YOUR ASSIGNMENT: With pictures excluded, copy word for word the lines in the data below from the line containing "Um dia eu tava" through the line containing "Paisaje en blanco".

TASK INPUT:
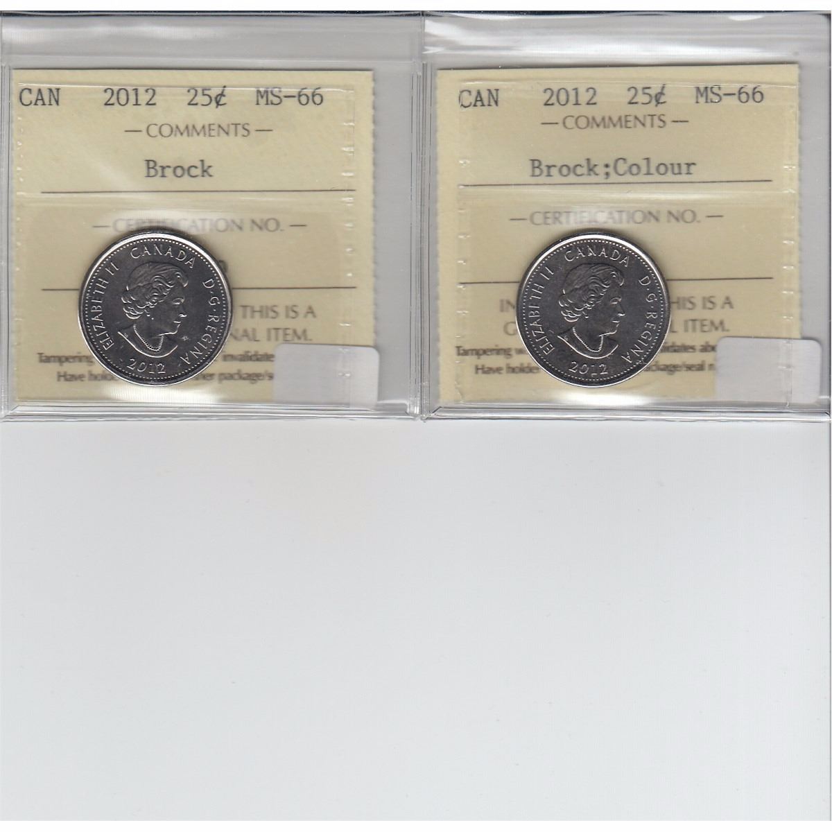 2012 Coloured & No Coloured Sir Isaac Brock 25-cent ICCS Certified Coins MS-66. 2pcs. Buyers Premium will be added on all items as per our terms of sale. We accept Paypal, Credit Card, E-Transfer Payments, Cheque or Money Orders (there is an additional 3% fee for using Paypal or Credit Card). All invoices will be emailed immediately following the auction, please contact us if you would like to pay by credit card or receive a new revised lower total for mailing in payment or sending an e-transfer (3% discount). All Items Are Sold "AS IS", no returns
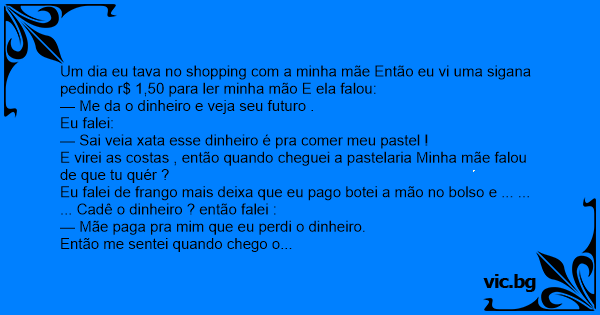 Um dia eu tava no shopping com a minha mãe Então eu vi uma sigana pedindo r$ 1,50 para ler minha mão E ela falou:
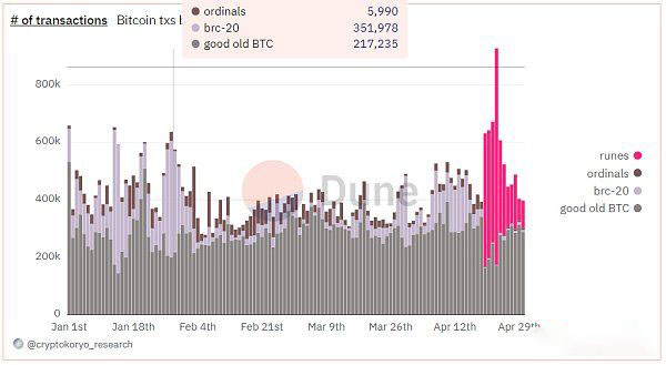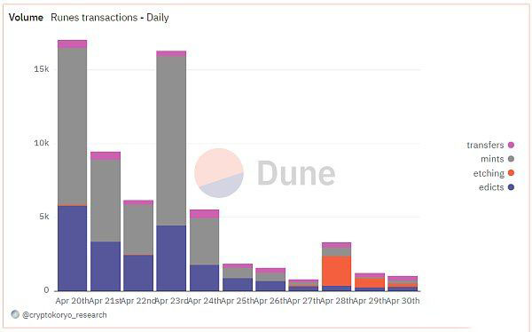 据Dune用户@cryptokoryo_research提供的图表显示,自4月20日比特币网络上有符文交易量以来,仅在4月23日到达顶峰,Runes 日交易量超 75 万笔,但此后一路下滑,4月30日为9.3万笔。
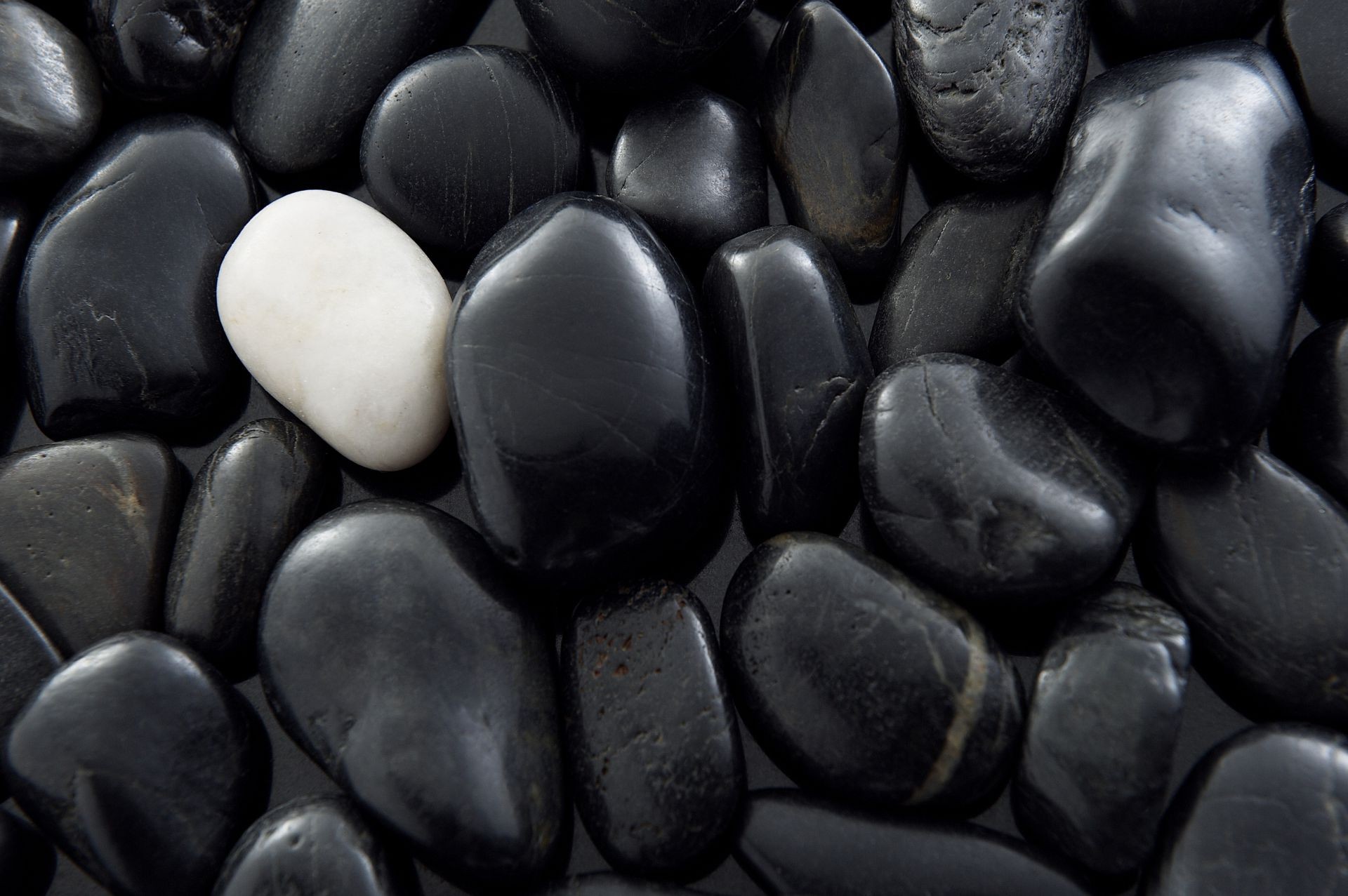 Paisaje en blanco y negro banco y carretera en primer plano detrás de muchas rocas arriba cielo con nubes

==

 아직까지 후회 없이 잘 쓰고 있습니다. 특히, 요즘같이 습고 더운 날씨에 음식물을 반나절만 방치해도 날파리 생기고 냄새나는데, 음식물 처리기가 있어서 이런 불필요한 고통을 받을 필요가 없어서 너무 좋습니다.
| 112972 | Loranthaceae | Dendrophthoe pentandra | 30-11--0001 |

ANSWER SPACE:
 Um dia eu tava no shopping com a minha mãe Então eu vi uma sigana pedindo r$ 1,50 para ler minha mão E ela falou:
 据Dune用户@cryptokoryo_research提供的图表显示,自4月20日比特币网络上有符文交易量以来,仅在4月23日到达顶峰,Runes 日交易量超 75 万笔,但此后一路下滑,4月30日为9.3万笔。
 Paisaje en blanco y negro banco y carretera en primer plano detrás de muchas rocas arriba cielo con nubes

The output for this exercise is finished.